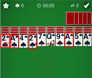 2、要尽量留后路,不要只顾眼前爽快,把各种花色的牌都乱七八糟叠一起了会对后面的游戏造成非常不利的影响。
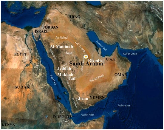 In 1999, Lanciotti et al. found this virus to be responsible for an outbreak of encephalitis in two fatal human cases from northeastern USA in late summer; and suggest a closely relation between this outbreak in the USA to a WNV infection which was isolated from a dead goose in Israel in 1998 []. The first cases of WNV in horses was identified in Egypt and France in the 1960s []; ever since, WNV has had significant public health impact worldwide due to its resurgence and dynamic epidemiologic features in humans and animals. Between 2008 and 2009, a study in Iran identified WNV antibodies in horses, and the results confirmed the highest activity of the virus reported in the Western and Southern Provinces with seroprevalences of up to 88% in some areas of Iran []. Although human cases and/or animal infections with WNV including horses have also been reported in Jordan and Lebanon (direct and close neighbors of Saudi Arabia) between 2000 and 2014 [,,]; however, the reported WNV in patients or horses in these areas might have circulated in natural transmission cycles with close relationship to the WNV isolated from human and horses in Jordan, Lebanon, and Iran in 2000, 2010, and 2014, respectively. Humans and horses (incidental hosts), are unable to develop sufficient viremia to infect mosquitoes, hence, they are not included in the WNV lifecycle [].
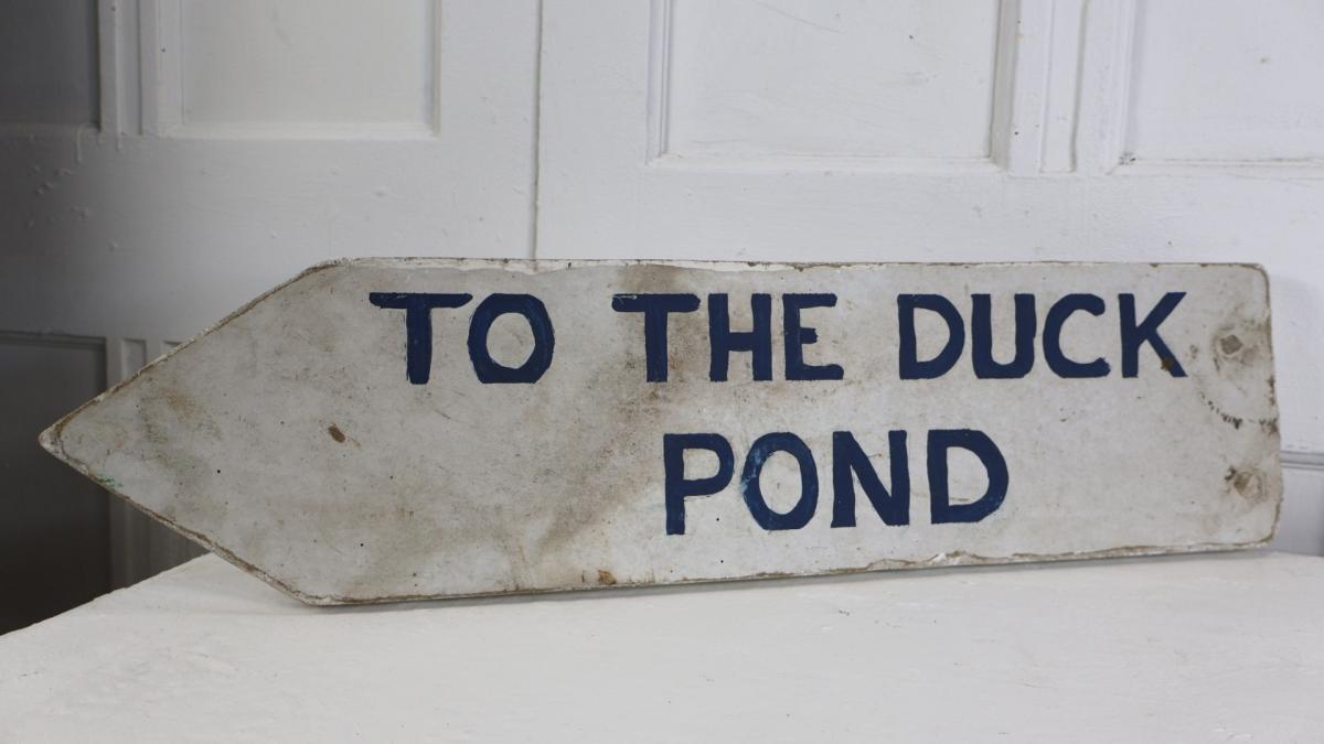 A pair of vintage, hand painted village signs, wonderfully naive and in good solid condition.
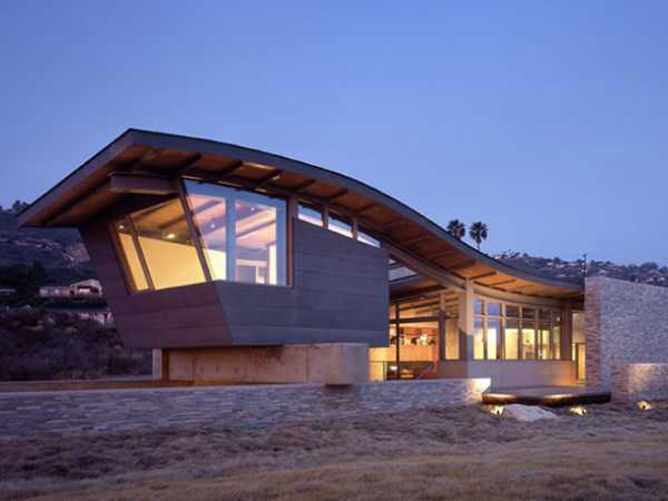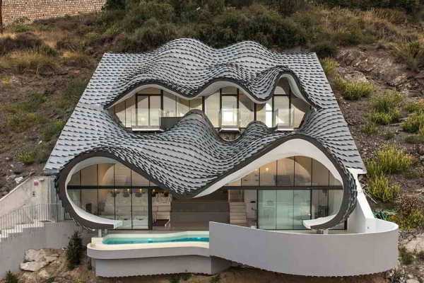 Крыша коттеджа на фото имеет нетривиальную форму набегающей на берег волны, что подчеркивает ультрасовременную стилистику архитектуры.
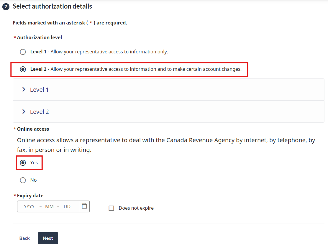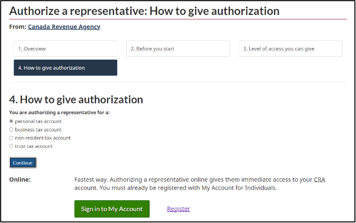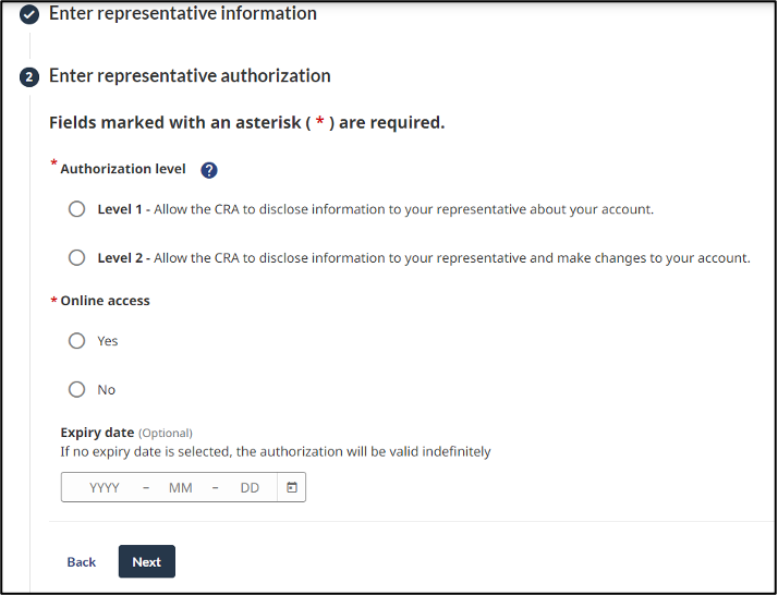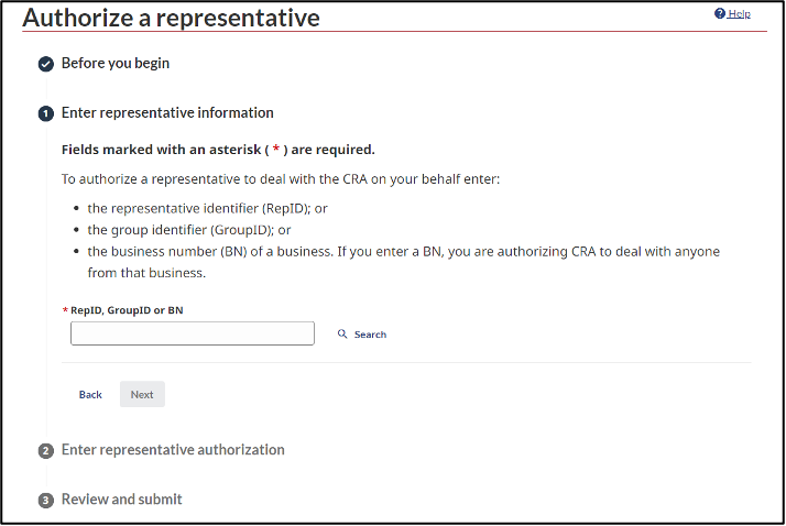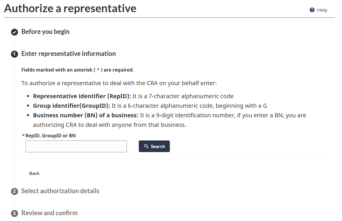 Select the ‘+ Add’ button. From there, select the ‘Start’ button on the next page. You’ll be asked to enter a RepID, GroupID or BN. Once you’ve entered the right ID, click the ‘Search’ button.

### What needs to be done
Reproduce the whole listing above word for word, dropping each image.

### Reply
 2、要尽量留后路,不要只顾眼前爽快,把各种花色的牌都乱七八糟叠一起了会对后面的游戏造成非常不利的影响。
 In 1999, Lanciotti et al. found this virus to be responsible for an outbreak of encephalitis in two fatal human cases from northeastern USA in late summer; and suggest a closely relation between this outbreak in the USA to a WNV infection which was isolated from a dead goose in Israel in 1998 []. The first cases of WNV in horses was identified in Egypt and France in the 1960s []; ever since, WNV has had significant public health impact worldwide due to its resurgence and dynamic epidemiologic features in humans and animals. Between 2008 and 2009, a study in Iran identified WNV antibodies in horses, and the results confirmed the highest activity of the virus reported in the Western and Southern Provinces with seroprevalences of up to 88% in some areas of Iran []. Although human cases and/or animal infections with WNV including horses have also been reported in Jordan and Lebanon (direct and close neighbors of Saudi Arabia) between 2000 and 2014 [,,]; however, the reported WNV in patients or horses in these areas might have circulated in natural transmission cycles with close relationship to the WNV isolated from human and horses in Jordan, Lebanon, and Iran in 2000, 2010, and 2014, respectively. Humans and horses (incidental hosts), are unable to develop sufficient viremia to infect mosquitoes, hence, they are not included in the WNV lifecycle [].
 A pair of vintage, hand painted village signs, wonderfully naive and in good solid condition.
 Крыша коттеджа на фото имеет нетривиальную форму набегающей на берег волны, что подчеркивает ультрасовременную стилистику архитектуры.
 Select the ‘+ Add’ button. From there, select the ‘Start’ button on the next page. You’ll be asked to enter a RepID, GroupID or BN. Once you’ve entered the right ID, click the ‘Search’ button.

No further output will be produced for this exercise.